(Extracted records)
——

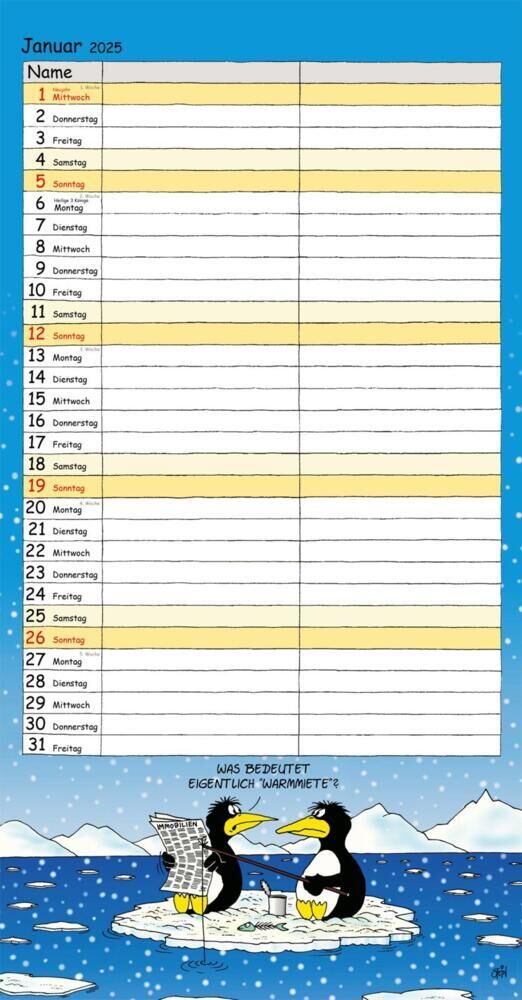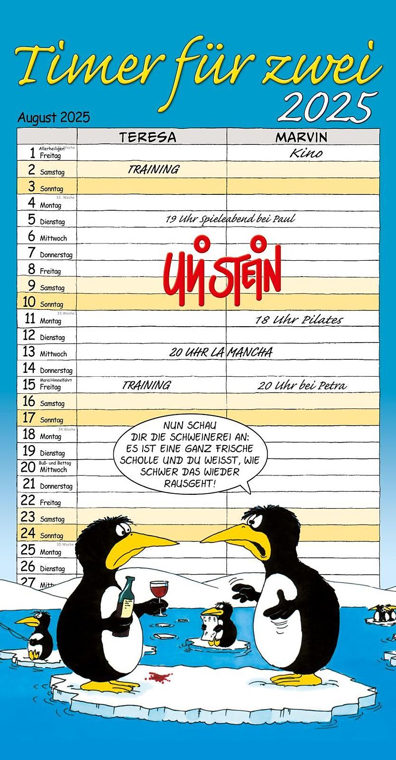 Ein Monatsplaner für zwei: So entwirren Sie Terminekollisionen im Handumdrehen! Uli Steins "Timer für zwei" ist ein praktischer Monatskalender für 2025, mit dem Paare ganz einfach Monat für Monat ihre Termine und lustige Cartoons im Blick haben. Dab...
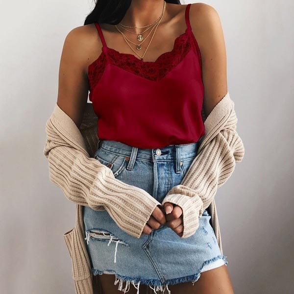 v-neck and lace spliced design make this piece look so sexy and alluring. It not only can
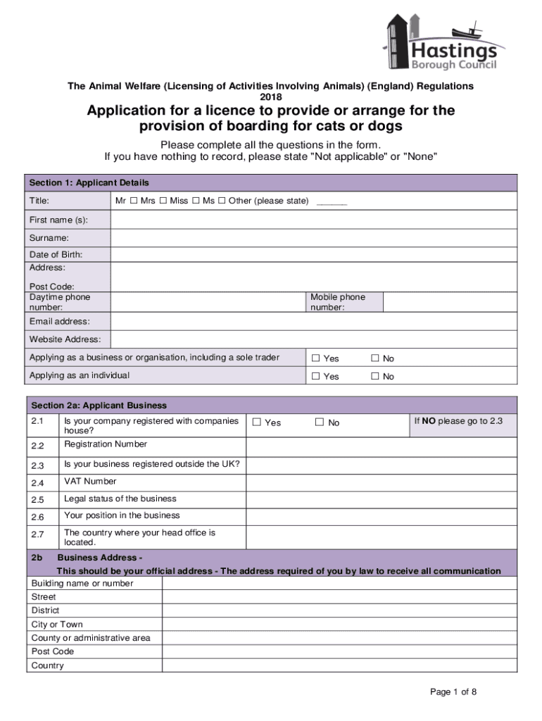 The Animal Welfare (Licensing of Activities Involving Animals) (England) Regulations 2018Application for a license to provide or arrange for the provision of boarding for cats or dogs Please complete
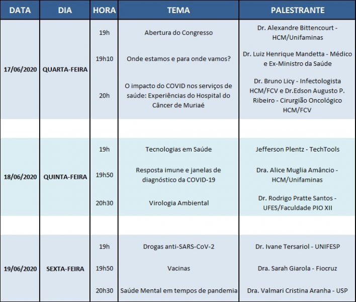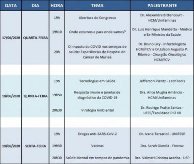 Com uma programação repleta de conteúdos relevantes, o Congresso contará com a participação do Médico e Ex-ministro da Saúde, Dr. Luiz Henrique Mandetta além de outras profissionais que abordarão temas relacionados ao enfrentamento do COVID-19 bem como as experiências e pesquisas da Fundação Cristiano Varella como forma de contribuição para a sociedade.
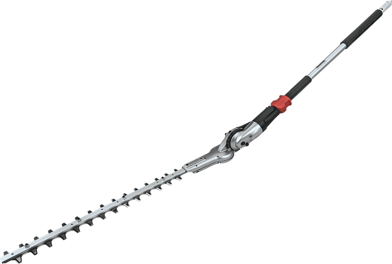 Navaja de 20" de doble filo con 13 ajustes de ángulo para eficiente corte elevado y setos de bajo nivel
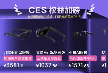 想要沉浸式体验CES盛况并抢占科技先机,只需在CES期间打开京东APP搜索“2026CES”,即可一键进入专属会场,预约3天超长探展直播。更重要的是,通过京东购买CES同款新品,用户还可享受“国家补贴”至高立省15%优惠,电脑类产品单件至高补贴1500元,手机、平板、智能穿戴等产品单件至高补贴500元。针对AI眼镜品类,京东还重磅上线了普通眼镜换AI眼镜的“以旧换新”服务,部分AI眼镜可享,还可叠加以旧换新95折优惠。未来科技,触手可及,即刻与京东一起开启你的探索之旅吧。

——

● INSTRUCTIONS TO FOLLOW
Would you copy the lines above exactly, starting with the one that has "v-neck and lace" and ending with the one that has "The Animal Welfare", both included, without the pictures?

● TASK RESPONSE
 v-neck and lace spliced design make this piece look so sexy and alluring. It not only can
 The Animal Welfare (Licensing of Activities Involving Animals) (England) Regulations 2018Application for a license to provide or arrange for the provision of boarding for cats or dogs Please complete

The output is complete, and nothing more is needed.